[Data extracted from a collection]
--

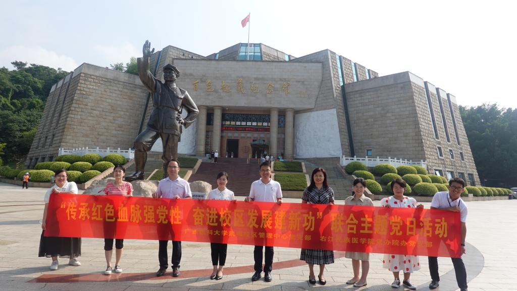 为进一步深入开展学习贯彻习近平新时代中国特色社会主义思想主题教育成果,加强党员理想信念教育,传承百色起义红色基因,创新主题党日活动形式,推进党建与业务融合,深入推进beat365百东校区的建设。2023年9月23日上午,广西医科大学武鸣校区管理中心党支部联合beat365英国官方网站党办院办党支部开展“传承红色血脉强党性 奋进校区发展建新功”主题党日活动,活动以实地参观百色纪念碑的形式进行。
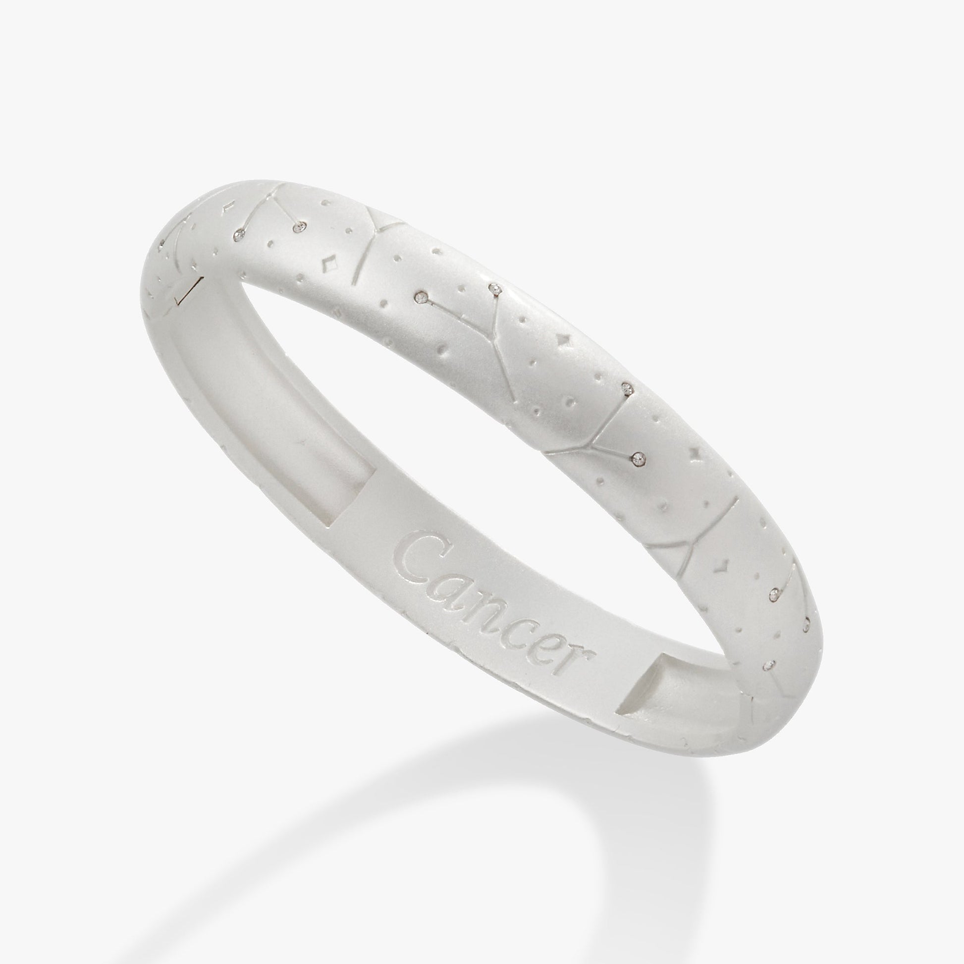 Embrace your Cancer pride with this satin finish hinge bangle. Featuring an interior "Cancer" engraving, the bracelet is adorned with the sign's constellation and shimmering crystals for a subtle yet beautiful effect. A perfect way to show off your personality and style.
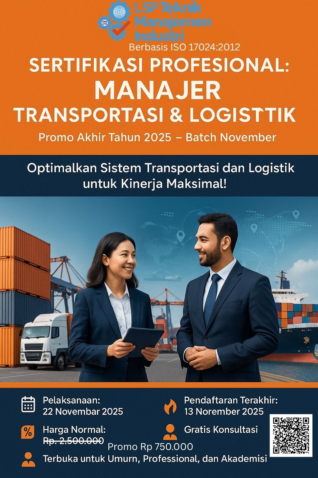 PROMO AKHIR TAHUN 2025 : SERTIFIKASI MANAJER TRANSPORTASI LOGISTIK
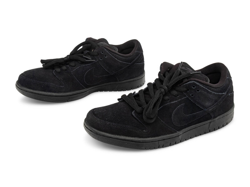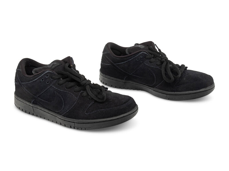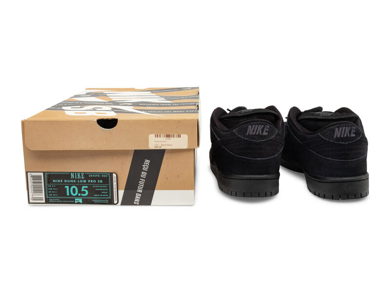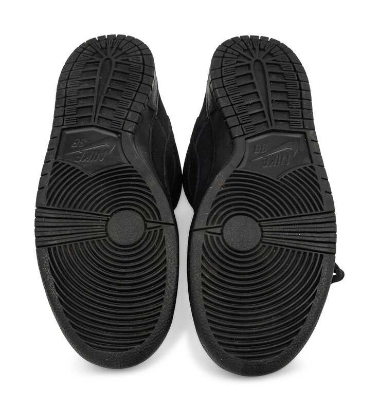 Released in 2011, the Nike SB Dunk Low Pro "Blackout" features a sleek, all-black suede upper complemented by tonal stitching and a matte black Swoosh. The monochromatic design is accented with subtle anthracite details, including the embroidered Nike branding on the tongue and heel. This minimalist colorway offers a versatile and understated look, making it a favorite among sneaker enthusiasts.
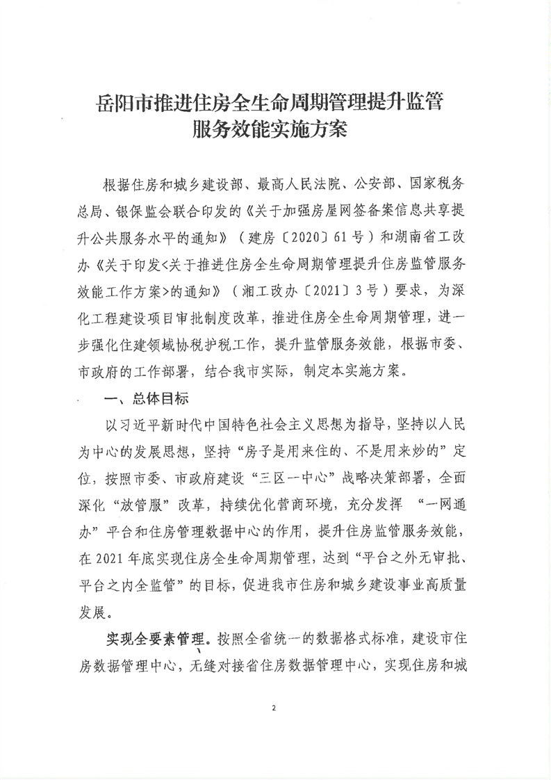 关于转发《岳阳市推进住房全生命周期管理提升监管服务效能实施方案》的通知

--

● **ABOUT THIS TASK**:
Take the data above and set it down exactly, images excluded.

● **OUTPUT BELOW**:
 为进一步深入开展学习贯彻习近平新时代中国特色社会主义思想主题教育成果,加强党员理想信念教育,传承百色起义红色基因,创新主题党日活动形式,推进党建与业务融合,深入推进beat365百东校区的建设。2023年9月23日上午,广西医科大学武鸣校区管理中心党支部联合beat365英国官方网站党办院办党支部开展“传承红色血脉强党性 奋进校区发展建新功”主题党日活动,活动以实地参观百色纪念碑的形式进行。
 Embrace your Cancer pride with this satin finish hinge bangle. Featuring an interior "Cancer" engraving, the bracelet is adorned with the sign's constellation and shimmering crystals for a subtle yet beautiful effect. A perfect way to show off your personality and style.
 PROMO AKHIR TAHUN 2025 : SERTIFIKASI MANAJER TRANSPORTASI LOGISTIK
 Released in 2011, the Nike SB Dunk Low Pro "Blackout" features a sleek, all-black suede upper complemented by tonal stitching and a matte black Swoosh. The monochromatic design is accented with subtle anthracite details, including the embroidered Nike branding on the tongue and heel. This minimalist colorway offers a versatile and understated look, making it a favorite among sneaker enthusiasts.
 关于转发《岳阳市推进住房全生命周期管理提升监管服务效能实施方案》的通知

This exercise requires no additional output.